4B). However, it was necessary to introduce gaps into the centrosomin sequence in order to maximize the alignment of identical residues, as well as to maintain the spacing patterns of those repeats
that are not exactly 10 residues in length. This suggests there is
variability in the number of repeats in vertebrates. The sequences from
more distant organisms do not contain a repetitive domain (Fig. 6). The
existence of a repeating element in the p180 subunit is reminiscent of
the 10 copies of the pseudo repeat DRYR in eIF-4B (32). Since this
portion of eIF-4B interacts with the p180 subunit of
eIF-3,2 the repeated elements in both proteins may be
responsible for their interaction. However, it should be noted that the
repeated elements are lacking in both yeast eIF-4B (33, 34) and the large subunit of yeast eIF-3 (Fig. 6).

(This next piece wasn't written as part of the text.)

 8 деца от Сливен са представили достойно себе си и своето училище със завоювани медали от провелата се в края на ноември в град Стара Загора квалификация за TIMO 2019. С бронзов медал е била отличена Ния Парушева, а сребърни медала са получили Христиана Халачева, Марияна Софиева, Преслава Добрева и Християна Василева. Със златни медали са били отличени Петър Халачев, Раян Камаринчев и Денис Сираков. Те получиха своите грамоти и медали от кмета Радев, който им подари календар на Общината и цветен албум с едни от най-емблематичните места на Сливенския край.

The biochemical data available for mammalian and plant eIF-3 can be compared to characteristics inferred from the cDNA clones. The predicted molecular mass values roughly correspond to determinations by SDS-gel electrophoresis, although in both cases the SDS estimates are larger (166 versus 180 kDa for mammalian and 111 versus 116 kDa for plant). Although not as well characterized, it appears the SDS molecular mass of the large subunit of yeast eIF-3 (130 kDa; Refs. 6, 7, and 9) also exceeds that deduced from the nucleotide sequence (110 kDa). These discrepancies may reflect the high percentage of charged residues in the proteins. The isoelectric points calculated for the human (6.4) and tobacco (9.4) proteins are consistent with those determined for the rabbit (6.7) and wheat (greater than 8) proteins. The biochemical data reveal heterogeneity in the sizes of the subunits comprising eIF-3 and suggest that eIF-3 of varying compositions may be found when the factor is isolated from other organisms. The ORFs found in the tobacco and nematode sequences are consistent with heterogeneity in the size of the large subunit of eIF-3 (Fig. 6).

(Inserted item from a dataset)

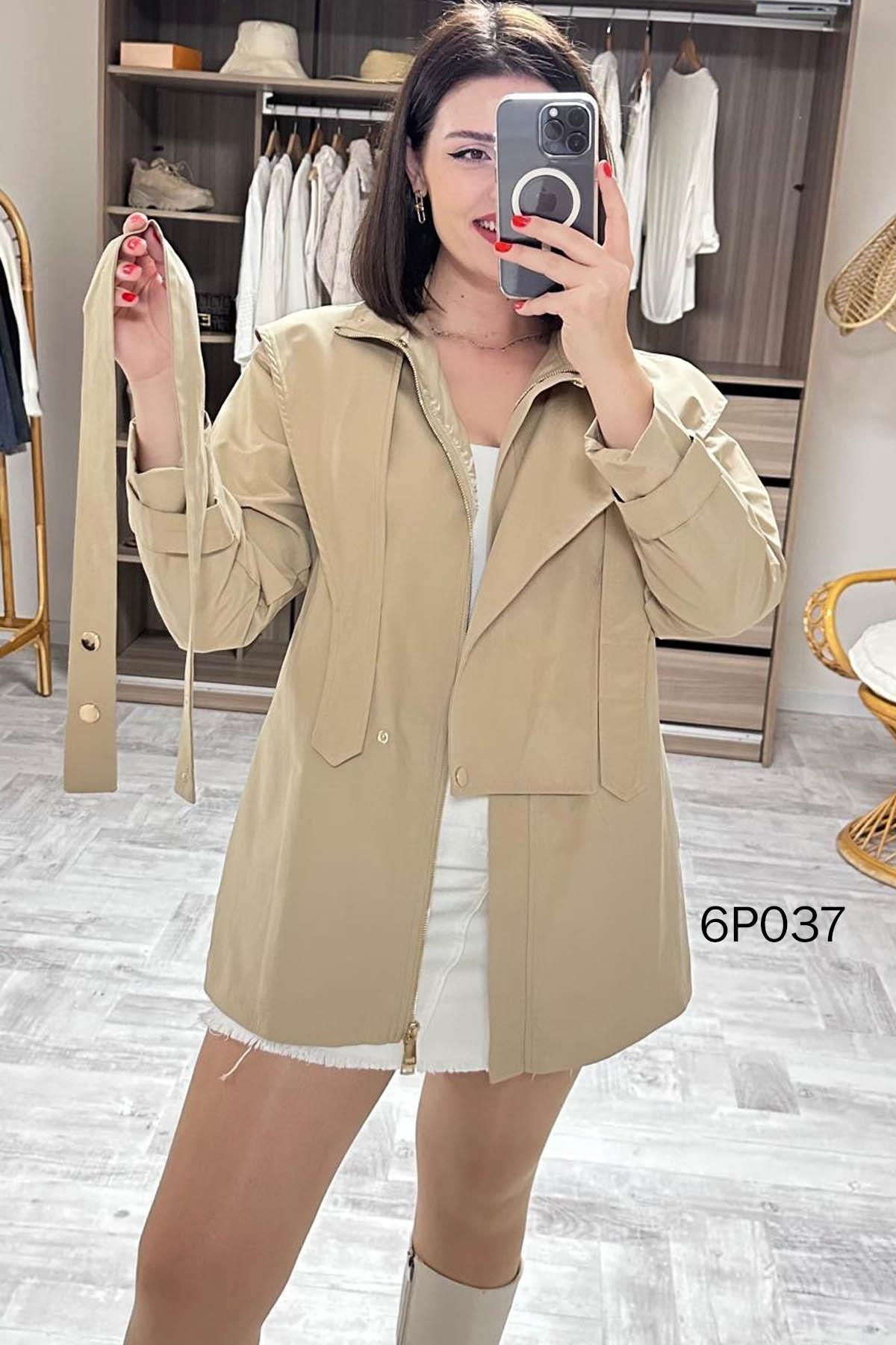PRİVE SERİ ÇITÇIT KEMERLİ KISA TRENÇKOT OMUZDAN AŞAĞI 77 CM

Fig. 6 shows a comparison between all four deduced protein sequences as well as the consensus; Table II shows the results of pairwise comparisons of the sequences. Compared to other translation factors, the identity between the yeast and human eIF-3 subunits is somewhat lower (31). In all four sequences, the NH2-terminal regions show more similarity than the COOH-terminal regions. The dissimilarities become more pronounced when the repetitive domain of the human sequence is reached.
|
The data in Figs. 4 and 6 together with the protein studies on rabbit eIF-3 suggest that the mammalian p180 subunits are unusually large when compared to the subunits of other organisms. It has been reported that yeast eIF-3 will replace HeLa eIF-3 in the methionyl-puromycin assay (6), again suggesting a general conservation of the pathway for initiation of protein synthesis (35). However, this is surprising given the size difference, relatively low sequence identity, and lack of a repetitive domain in the yeast large subunit. It may be that the function(s) of the repetitive domain found in the mammalian subunit is provided by a different subunit in other organisms. In this context, it is noteworthy that wheat germ eIF-3 is reported to contain more subunits than mammalian eIF-3 (1). However, yeast eIF-3 appears to contain the same number of subunits, with each being 10-20% smaller than its mammalian counterpart (7, 8). The availability of genes for subunits of eIF-3 combined with the power of yeast genetics make it likely that, in the near future, more will be known of the function of the high molecular weight complex eIF-3.
The nucleotide sequence(s) reported in this paper has been submitted to the GenBankTM/EMBL Data Bank with accession number(s) U78311[GenBank].
We thank Rebecca Castle for technical assistance and Dr. Margaret Wheelock for helpful discussion and assistance throughout the project.
As this manuscript was under review, unidentified sequences of a human cDNA clone (accession no. D50929[GenBank], submitted by N. Nomura) and a partial human genomic clone (accession no. U58047[GenBank], submitted by J. K. Scholler) were placed in the data bases. These sequences correspond to the large subunit of eIF-3. In addition, the unidentified sequence of a mouse cDNA clone (accession no. U14172[GenBank], submitted by R. Fisher) corresponding to the large subunit of eIF-3 has been placed in the data bases.